Department of Biochemistry, Interdisciplinary Plant Group, 117 Schweitzer Hall, University of Missouri, Columbia, MO 65211, USA.
Ann Bot. 2011 Sep;108(4):647-58. doi: 10.1093/aob/mcr179. Epub 2011 Jul 28.
S-RNase-based self-incompatibility (SI) occurs in the Solanaceae, Rosaceae and Plantaginaceae. In all three families, compatibility is controlled by a polymorphic S-locus encoding at least two genes. S-RNases determine the specificity of pollen rejection in the pistil, and S-locus F-box proteins fulfill this function in pollen. S-RNases are thought to function as S-specific cytotoxins as well as recognition proteins. Thus, incompatibility results from the cytotoxic activity of S-RNase, while compatible pollen tubes evade S-RNase cytotoxicity.
The S-specificity determinants are known, but many questions remain. In this review, the genetics of SI are introduced and the characteristics of S-RNases and pollen F-box proteins are briefly described. A variety of modifier genes also required for SI are also reviewed. Mutations affecting compatibility in pollen are especially important for defining models of compatibility and incompatibility. In Solanaceae, pollen-side mutations causing breakdown in SI have been attributed to the heteroallelic pollen effect, but a mutation in Solanum chacoense may be an exception. This has been interpreted to mean that pollen incompatibility is the default condition unless the S-locus F-box protein confers resistance to S-RNase. In Prunus, however, S-locus F-box protein gene mutations clearly cause compatibility.

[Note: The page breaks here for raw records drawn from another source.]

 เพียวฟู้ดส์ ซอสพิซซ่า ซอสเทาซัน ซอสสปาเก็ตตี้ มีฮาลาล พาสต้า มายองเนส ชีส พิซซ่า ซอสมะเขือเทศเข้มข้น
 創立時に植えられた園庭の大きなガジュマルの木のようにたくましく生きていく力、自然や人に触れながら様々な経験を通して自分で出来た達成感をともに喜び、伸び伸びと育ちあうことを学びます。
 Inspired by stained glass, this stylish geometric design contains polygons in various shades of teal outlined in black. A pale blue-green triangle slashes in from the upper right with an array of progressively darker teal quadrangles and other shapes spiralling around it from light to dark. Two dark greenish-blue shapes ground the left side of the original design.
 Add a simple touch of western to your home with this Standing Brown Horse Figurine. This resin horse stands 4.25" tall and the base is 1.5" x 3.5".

Two alternative mechanisms have been proposed to explain compatibility and incompatibility: compatibility is explained either as a result of either degradation of non-self S-RNase or by its compartmentalization so that it does not have access to the pollen tube cytoplasm. These models are not necessarily mutually exclusive, but each makes different predictions about whether pollen compatibility or incompatibility is the default. As more factors required for SI are identified and characterized, it will be possible to determine the role each process plays in S-RNase-based SI.

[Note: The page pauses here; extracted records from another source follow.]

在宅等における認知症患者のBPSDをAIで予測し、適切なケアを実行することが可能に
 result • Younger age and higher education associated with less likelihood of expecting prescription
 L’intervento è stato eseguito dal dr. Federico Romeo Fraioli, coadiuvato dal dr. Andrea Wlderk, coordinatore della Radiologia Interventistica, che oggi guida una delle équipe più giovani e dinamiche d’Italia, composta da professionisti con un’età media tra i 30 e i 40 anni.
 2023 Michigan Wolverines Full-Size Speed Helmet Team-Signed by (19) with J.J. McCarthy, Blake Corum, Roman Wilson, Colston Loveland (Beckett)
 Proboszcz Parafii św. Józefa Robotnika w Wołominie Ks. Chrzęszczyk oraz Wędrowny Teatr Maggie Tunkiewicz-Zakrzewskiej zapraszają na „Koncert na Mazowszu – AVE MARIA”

基于 S-RNase 的自交不亲和性(SI)发生在茄科、蔷薇科和车前科中。在这三个科中,相容性由一个多态 S 基因座编码的至少两个基因控制。S-RNases 决定柱头中花粉的排斥特异性,而 S 基因座 F-box 蛋白在花粉中发挥此功能。S-RNases 被认为具有 S 特异性细胞毒素以及识别蛋白的功能。因此,不亲和性是由 S-RNase 的细胞毒性活性引起的,而相容的花粉管则逃避 S-RNase 的细胞毒性。

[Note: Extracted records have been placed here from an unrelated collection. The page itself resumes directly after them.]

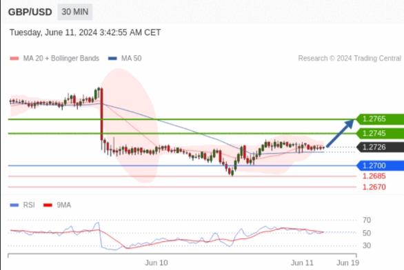 在 1.2700 之上,看涨,目标价位为 1.2745 ,然后为 1.2765 。
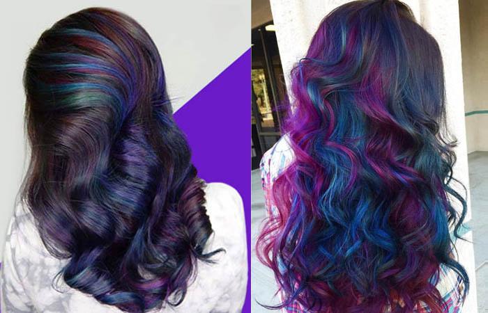 «Нефтяное пятно» — техника, которая больше подходит брюнеткам и шатенкам. Сочетание синего, фиолетового, зеленого при ярком освещении создает на волосах эффект бензиновых разводов на асфальте. К тому же, не требуется обесцвечивание.
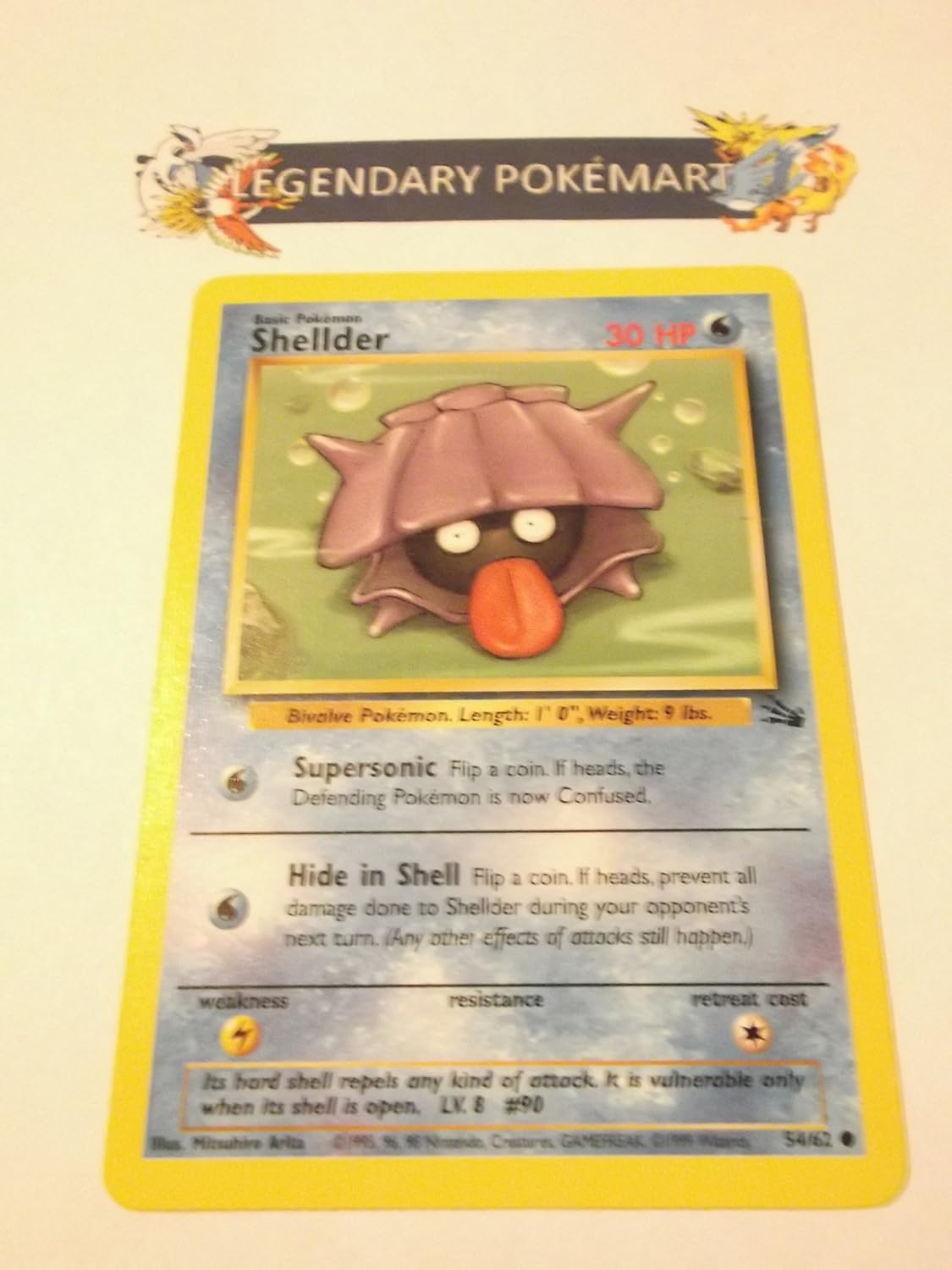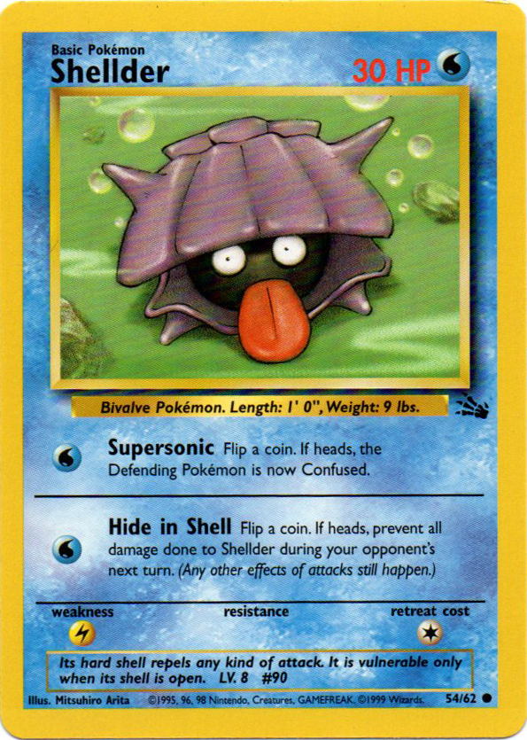 Fossil Pokemon Collectable Card Games page 3 Rare Board Games, mtg, Magic the Gathering, YuGiOh, rpg, Role Playing Games, Dungeons and Dragons, and many more games and supplies for sale Fast shipping and friendly customer service. Auction is for an original, lightly played Shellder (54/62) from the 1999 Wizards of the Coast Pokémon Fossil trading card game. 54/62 Japanese expansion Mystery of the Fossils Japanese rarity Card GB set Mystery Card GB ID B15 Card GB 2 set Legendary Power Card GB 2 ID B22 For more information on this Pokémon's species, see Shellder Shellder.

S 特异性决定因素是已知的,但仍有许多问题需要解决。在这篇综述中,介绍了 SI 的遗传学,并简要描述了 S-RNases 和花粉 F-box 蛋白的特征。还回顾了各种修饰基因,这些基因也需要 SI。影响花粉相容性的突变对于定义相容性和不兼容性模型尤为重要。在茄科中,导致 SI 破坏的花粉侧突变归因于异等位花粉效应,但在 Solanum chacoense 中的突变可能是一个例外。这意味着花粉不亲和性是默认条件,除非 S 基因座 F-box 蛋白赋予对 S-RNase 的抗性。然而,在李属中,S 基因座 F-box 蛋白基因突变显然会导致相容性。
已经提出了两种解释相容性和不兼容性的替代机制:相容性要么是由于非自身 S-RNase 的降解,要么是由于其分隔化,使得它无法进入花粉管细胞质。这些模型不一定相互排斥,但每个模型对花粉的相容性或不兼容性是否为默认条件都有不同的预测。随着更多的 SI 所需的因素被鉴定和表征,就有可能确定每个过程在基于 S-RNase 的 SI 中所起的作用。